Gängige RDH10 Inhibitors sind unter underem Citral CAS 5392-40-5, 4-(Dimethylamino)benzaldehyde CAS 100-10-7, N-Ethylmaleimide CAS 128-53-0, Disulfiram CAS 97-77-8 und α-Iodoacetamide CAS 144-48-9.

Chemische Inhibitoren von RDH10 können ihre hemmende Wirkung durch verschiedene molekulare Wechselwirkungen entfalten, die die enzymatische Funktion des Proteins direkt stören. Citral, ein Aldehyd, kann mit der Alkoholgruppe von RDH10 ein Schiffsbasen-Addukt bilden, das seine katalytische Aktivität durch direkte Veränderung des aktiven Zentrums des Enzyms behindert. In ähnlicher Weise kann 4-Dimethylaminobenzaldehyd RDH10 hemmen, indem es ebenfalls eine Schiffsche Base an der aktiven Stelle bildet und so den Umwandlungsprozess von Retinol zu Retinal behindert. N-Ethylmaleimid ist in der Lage, die Cysteinreste von RDH10, die für die katalytische Wirkung des Enzyms wesentlich sind, irreversibel zu verändern, was zu einer anhaltenden Hemmung führt. Disulfiram greift RDH10 an, indem es an das Kupferion im aktiven Zentrum des Enzyms bindet, das für die Funktion von RDH10 entscheidend ist, und hemmt so die Aktivität des Proteins.

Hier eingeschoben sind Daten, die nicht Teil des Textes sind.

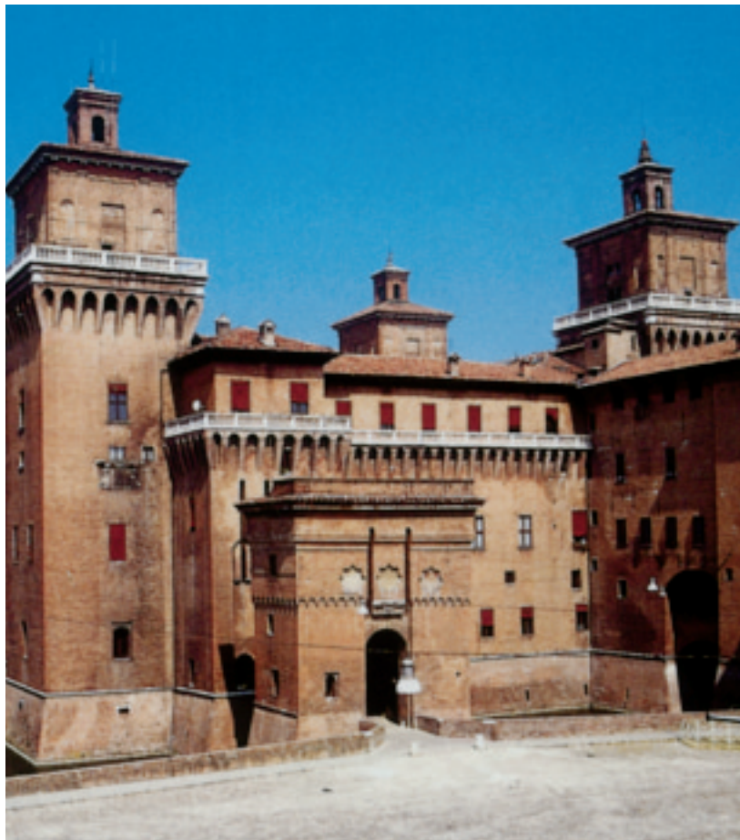
Ferrara. Il Castello Estense, voluto nel '300 dal marchese Niccolò II

mai nelle Istituzioni con cui cercò invano un continuo contatto. Si è detto che l'instabilità personale e profonda del poeta (nato a Sorrento nel 1544 ma per lungo tempo vissuto a Ferrara, alla corte degli Estensi) fu la misura dell'inquietudine di un intero periodo storico. Tasso, infatti, fu lo specchio del suo tempo, quasi che la sua difficile vicenda umana ed i suoi tormenti interiori fossero la diretta e naturale conseguenza della profonda crisi
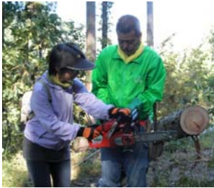
【チェーンソー体験】
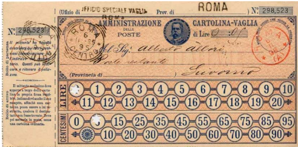
Figure 2 : cartoline vaglia de 5 centesimi du 6 novembre 1896 de Rome pour Livourne. Modèle expérimental utilisé dans quelques localités importantes.

Le deuxième modèle, émis le 25 janvier 1896, se présentait sous la forme d'une carte unique permettant tout transfert d'argent de 5 centesimi à 20,95 lires (et non plus à 20,99). Il suffisait, au moment de l'achat dans un bureau de poste, de faire perforer avec un poinçon en étoile (ou rond) les chiffres correspondant à la somme à envoyer (fig. 2).

Iodacetamid wirkt auf RDH10 durch Alkylierung seiner Thiolgruppen, was zu einer irreversiblen Hemmung seiner enzymatischen Funktion führt. Quercetin kann durch seine Fähigkeit, an das aktive Zentrum von RDH10 zu binden, den Zugang des Enzyms zu seinem natürlichen Substrat, dem Retinol, blockieren und so seine Funktion wirksam hemmen. Emodin beeinträchtigt die Aktivität von RDH10, indem es sich in das aktive Zentrum einlagert und möglicherweise die Konformation des Enzyms verändert, die für die Retinolbindung erforderlich ist. Phloretin konkurriert mit Retinol um das aktive Zentrum von RDH10, wirkt also als kompetitiver Inhibitor und hindert das Enzym daran, sein Substrat zu katalysieren. Capsaicin bindet an dieselbe Stelle und wirkt in ähnlicher Weise als kompetitiver Inhibitor, der die Funktion von RDH10 blockiert. Fomepizol konkurriert direkt mit Retinol an der Alkoholsubstratstelle von RDH10 und hemmt so effektiv die Oxidation von Retinol. Isotretinoin schließlich wirkt durch Bindung an die aktive Stelle von RDH10 ebenfalls als kompetitiver Inhibitor, der die normale Verarbeitung von Retinol behindert und dadurch die Aktivität von RDH10 hemmt.